Училище Юся окончил хорошо и в последний год удивил всех, всерьез занявшись английским языком. Своей симпатии тех лет — родственнице Берте — признался, что собирается в Америку. Почему туда? На этот вопрос он не мог ответить. Может, привиделась ему Америка сквозь одну из конфетных оберток… А может, услышал от матери, что кому-то из родственников в Америке повезло — стал там большим человеком… Что ж, Америка, так Америка. Чем, собственно, она хуже Шавлей?
Как дальше решался этот вопрос, как проходили несложные сборы?.. Но в ноябре 1902 года сильно похудевший, в одном летнем пальтишке, Юлий Соболь оказался на последнем в камской навигации пароходе, застрявшем в Оханском льду. Пароход этот не добрался не только до Америки, но даже до Перми.
В том, что ‘Америка’ привела его в Пермь была определенная логика. Там, в семье тети Деборы — сестры отца — жил старший брат Моня. Но туда еще более сотни верст, а у него ни вещей, ни денег… Положение казалось безвыходным. Но… выход неожиданно нашелся. Он появился на пристани в облике молодой супруги пермского полицмейстера, госпожи Кокориной. Узнав, что полузамерзший юнец направляется к владельцу музыкального магазина Марку Симоновичу, она предложила ему место в почтовой карете.

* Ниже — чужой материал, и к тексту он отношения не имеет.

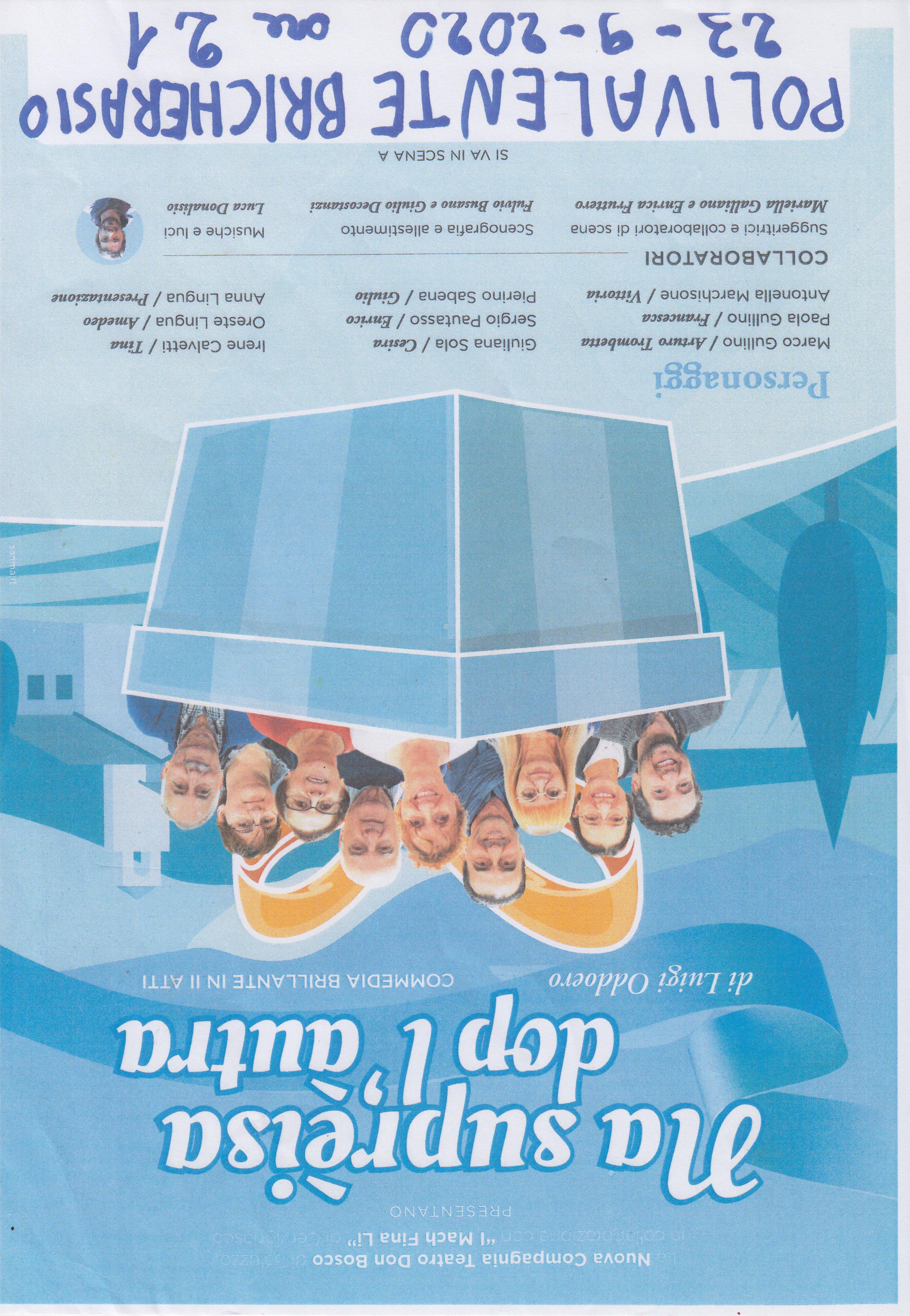 All'interno delle manifestazioni della 52^ Sagra dell'Uva bricherasiese mercoledì 23 settembre alle ore 21.00 prevista la Compagnia teatrale saluzzese “Don Bosco” che presenta lo spettacolo “Na surpreisa dop l’autra”, commedia dialettale piemontese di Luigi Oddoero. Presso il Salone Polivalente. Ingresso € 8.00. A cura della Pro Loco di Bricherasio.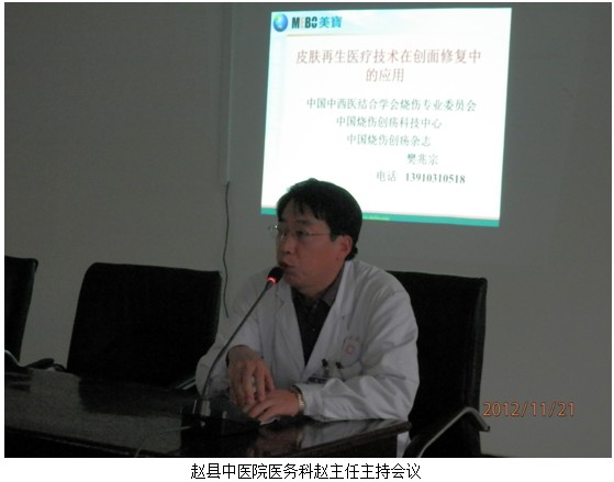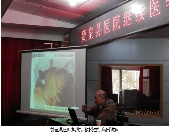 2012年11月21日至22日,中國中西醫(yī)結(jié)合學(xué)會燒傷專業(yè)委員會委員、《中國燒傷創(chuàng)瘍雜志》編委樊兆宗教授應(yīng)邀分別于河北省趙縣中醫(yī)院和河北省贊皇縣醫(yī)院進(jìn)行授課。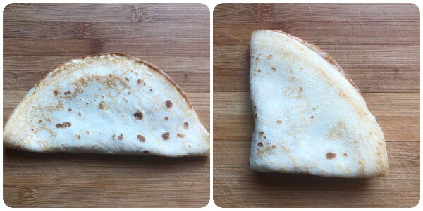 Then, fold the crêpe in half and then again in half to form a triangle.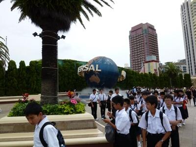 修学旅行最終日を迎えました。ホテルでの最後の朝食、そしてホテルの人へのお礼のことば、一行は最終目的地のユニバーサルスタジオジャパンに向かいます。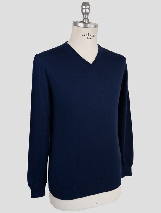 Kiton Cashmere Silk V-Neck Sweater Blue - Handmade Italian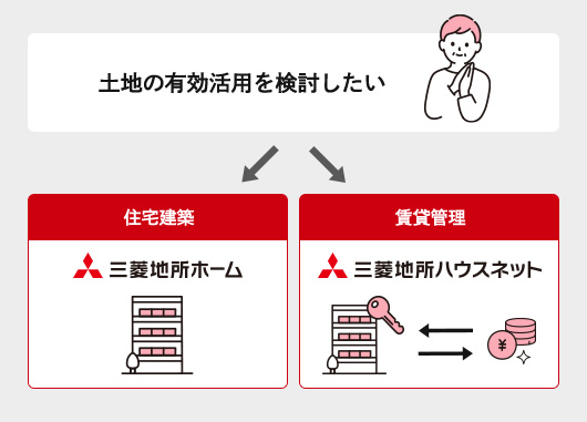 土地の有効活用をご検討のお客様が三菱地所ハウスネットに来店。三菱地所ホームで住宅を建築、三菱地所ハウスネットで賃貸管理のご提案をしました。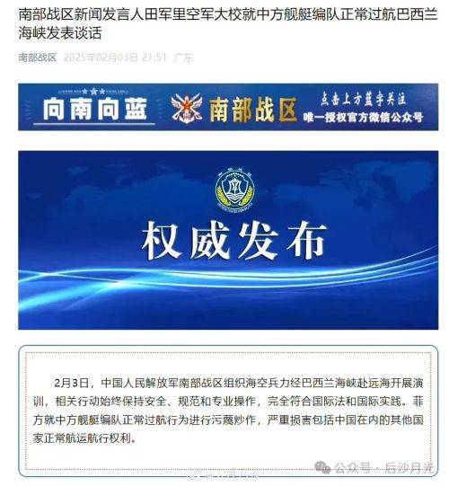第二天,2月3日,我南部战区就发布公告证实了此事。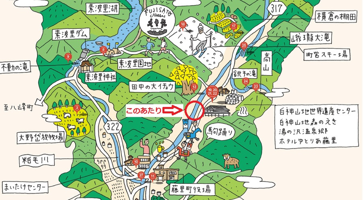 町内MAPを見てわかるとおり、藤里町の水は白神山地に源流があり、町と水源の間に何もありません。

Что это была за поездка! На каждой почтовой станции мигом меняли лошадей, просили ‘оказать честь’, отдохнуть за самоваром, закусить ‘чем Бог послал’. На что добрая полицмейстерша, видя как у спутника загорались глаза, нередко соглашалась. И так до самой Перми. До самого дома с занимавшей добрую треть этажа вывеской: ‘Музыкальный магазин. М.С. Симонович в Перми. Агентство общества ‘Граммофон’ в России’. Тут же был нарисован яркими красками покрытый лаком граммофон. Труба была широкой, блестящей, из ее удлиненного жерла летели ноты, а сам граммофон… улыбался. Да, да, улыбался и чем-то напоминал дядю Марка. Сам же дядя стоял в дверях магазина и уже готов был обнять племянника.
Юся решил, что наконец-то дома.
…Когда-нибудь через много лет Юлий, ставший писателем Андреем Соболем, назовет себя в автобиографии ‘человеком прохожим’, который не останавливается даже проходя мимо ярко освещенных окон… А если и задерживался, то лишь на полустанке, для короткого отдыха, чтобы затем снова продолжить путь.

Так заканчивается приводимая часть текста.